Stored data
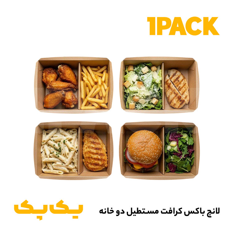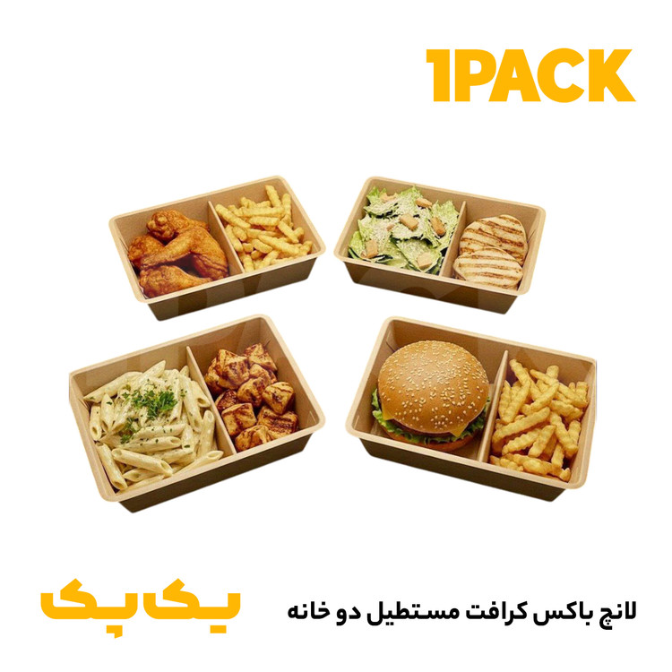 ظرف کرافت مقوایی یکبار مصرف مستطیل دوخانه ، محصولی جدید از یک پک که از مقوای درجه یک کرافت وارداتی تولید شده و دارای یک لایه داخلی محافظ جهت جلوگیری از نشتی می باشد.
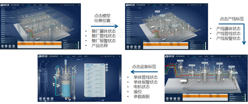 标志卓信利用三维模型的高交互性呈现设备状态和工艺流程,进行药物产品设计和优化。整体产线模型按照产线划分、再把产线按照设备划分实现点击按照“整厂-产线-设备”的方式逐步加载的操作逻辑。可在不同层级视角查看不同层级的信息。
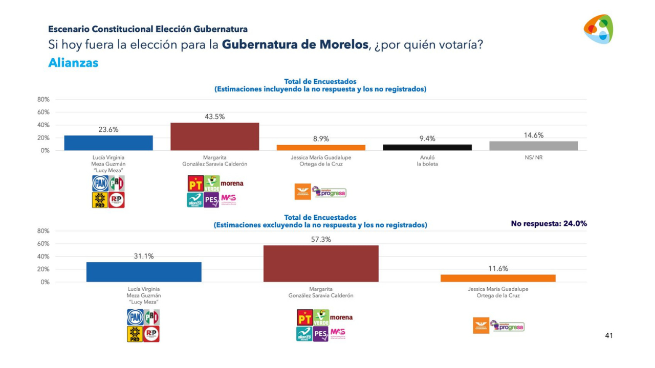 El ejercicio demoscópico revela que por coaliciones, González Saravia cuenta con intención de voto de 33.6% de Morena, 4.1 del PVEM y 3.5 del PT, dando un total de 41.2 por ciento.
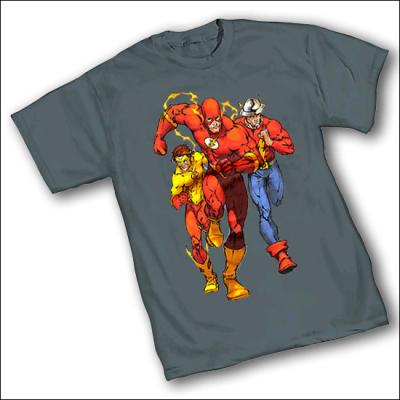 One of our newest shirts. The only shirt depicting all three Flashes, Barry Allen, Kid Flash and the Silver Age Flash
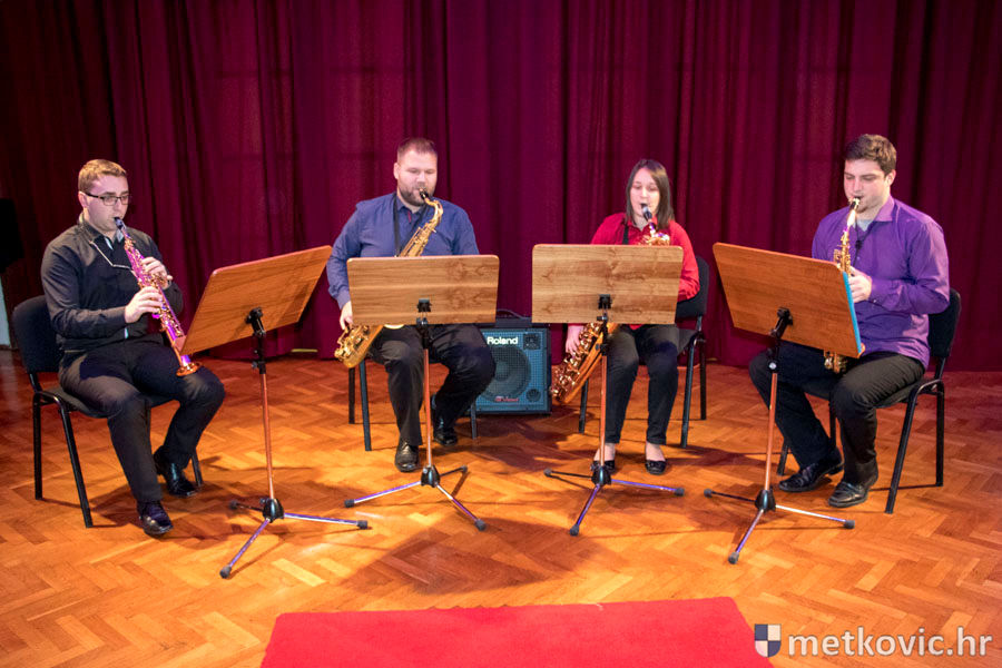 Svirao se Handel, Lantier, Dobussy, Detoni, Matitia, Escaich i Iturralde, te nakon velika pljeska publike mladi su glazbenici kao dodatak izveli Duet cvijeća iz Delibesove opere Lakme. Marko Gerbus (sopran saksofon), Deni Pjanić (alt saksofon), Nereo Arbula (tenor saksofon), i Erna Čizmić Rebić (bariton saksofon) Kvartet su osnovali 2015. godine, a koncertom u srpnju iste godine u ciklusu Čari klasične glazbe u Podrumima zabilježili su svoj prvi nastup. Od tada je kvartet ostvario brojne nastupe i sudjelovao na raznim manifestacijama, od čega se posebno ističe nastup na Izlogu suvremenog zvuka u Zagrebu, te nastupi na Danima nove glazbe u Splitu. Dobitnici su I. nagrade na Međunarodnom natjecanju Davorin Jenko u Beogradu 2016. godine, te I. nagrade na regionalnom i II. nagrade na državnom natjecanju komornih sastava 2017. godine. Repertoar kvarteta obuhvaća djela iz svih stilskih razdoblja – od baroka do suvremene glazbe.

**What you should do:**
Copy exactly, with no pictures, the lines from the line containing "El ejercicio demoscópico" through the last line of the records above.

**Answer for this exercise:**
 El ejercicio demoscópico revela que por coaliciones, González Saravia cuenta con intención de voto de 33.6% de Morena, 4.1 del PVEM y 3.5 del PT, dando un total de 41.2 por ciento.
 One of our newest shirts. The only shirt depicting all three Flashes, Barry Allen, Kid Flash and the Silver Age Flash
 Svirao se Handel, Lantier, Dobussy, Detoni, Matitia, Escaich i Iturralde, te nakon velika pljeska publike mladi su glazbenici kao dodatak izveli Duet cvijeća iz Delibesove opere Lakme. Marko Gerbus (sopran saksofon), Deni Pjanić (alt saksofon), Nereo Arbula (tenor saksofon), i Erna Čizmić Rebić (bariton saksofon) Kvartet su osnovali 2015. godine, a koncertom u srpnju iste godine u ciklusu Čari klasične glazbe u Podrumima zabilježili su svoj prvi nastup. Od tada je kvartet ostvario brojne nastupe i sudjelovao na raznim manifestacijama, od čega se posebno ističe nastup na Izlogu suvremenog zvuka u Zagrebu, te nastupi na Danima nove glazbe u Splitu. Dobitnici su I. nagrade na Međunarodnom natjecanju Davorin Jenko u Beogradu 2016. godine, te I. nagrade na regionalnom i II. nagrade na državnom natjecanju komornih sastava 2017. godine. Repertoar kvarteta obuhvaća djela iz svih stilskih razdoblja – od baroka do suvremene glazbe.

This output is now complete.